Data section:
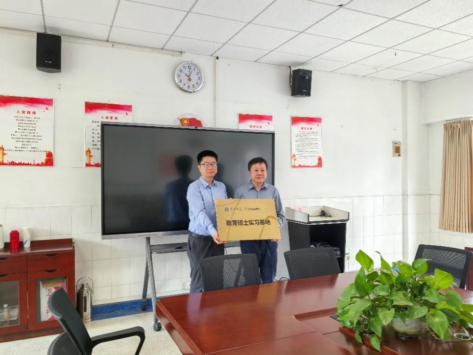 2025年4月17日上午,王佳宇副院长、教师教育中心主任闫春梅教授和负责教育硕士实习工作的张丽君老师,前往湖北省水果湖高级中学,参加华中师范大学外国语OD网页版实习实践基地授牌仪式。水果湖高级中学党委书记潘尖和教学副校长李季出席。
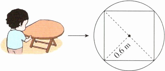 3 一张可折叠的圆桌,半径是0.6 m,折叠后成了正方形(如图)。折叠部分的面积约是多少平方米? (结果保留两位小数)
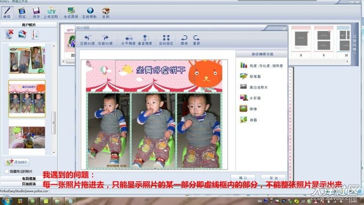 由于自己不會弄,本以為按照菲媽寫的步驟完全按照她的來做,但她怎么能一頁里面放那么多圖片,而我的只放一張進去也顯示不了整張照片?當時請教菲媽,一直沒發(fā)現(xiàn)她給我的消息留了她Q號說在QQ里詳細聊才說得清楚(最近幾天才在看到這消息),而我又沒多少時間上網(wǎng),所以真不好意思呀菲媽。而她說的在文字框里插入,我也沒弄明白是怎么插入。跟有福網(wǎng)客服磨了半天,客服說來說去都說是我的照片問題,而且她們的回答也不是即時的,要等,所以我也不跟她們耗時間了,靠自己吧。
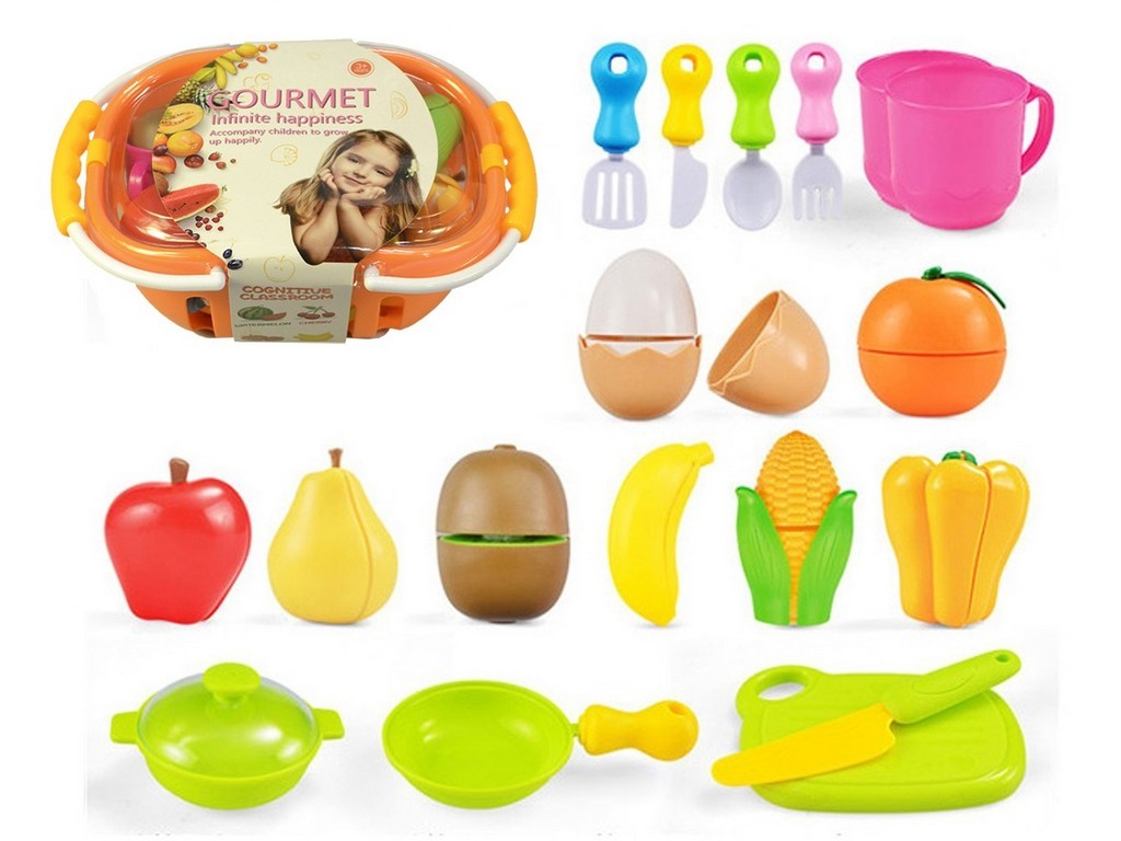Nákupní košík s ovocem a doplňkyHračka je určena pro děti 3+.Rozměr hračky je 10x24x17cm.Materiál hračky je plast.Balení hračky je karta.

The problem: Without any pictures, restate word for word only the lines from the one with "由于自己不會弄,本以為按照菲" through the end of the listing.

Task result:
 由于自己不會弄,本以為按照菲媽寫的步驟完全按照她的來做,但她怎么能一頁里面放那么多圖片,而我的只放一張進去也顯示不了整張照片?當時請教菲媽,一直沒發(fā)現(xiàn)她給我的消息留了她Q號說在QQ里詳細聊才說得清楚(最近幾天才在看到這消息),而我又沒多少時間上網(wǎng),所以真不好意思呀菲媽。而她說的在文字框里插入,我也沒弄明白是怎么插入。跟有福網(wǎng)客服磨了半天,客服說來說去都說是我的照片問題,而且她們的回答也不是即時的,要等,所以我也不跟她們耗時間了,靠自己吧。
Nákupní košík s ovocem a doplňkyHračka je určena pro děti 3+.Rozměr hračky je 10x24x17cm.Materiál hračky je plast.Balení hračky je karta.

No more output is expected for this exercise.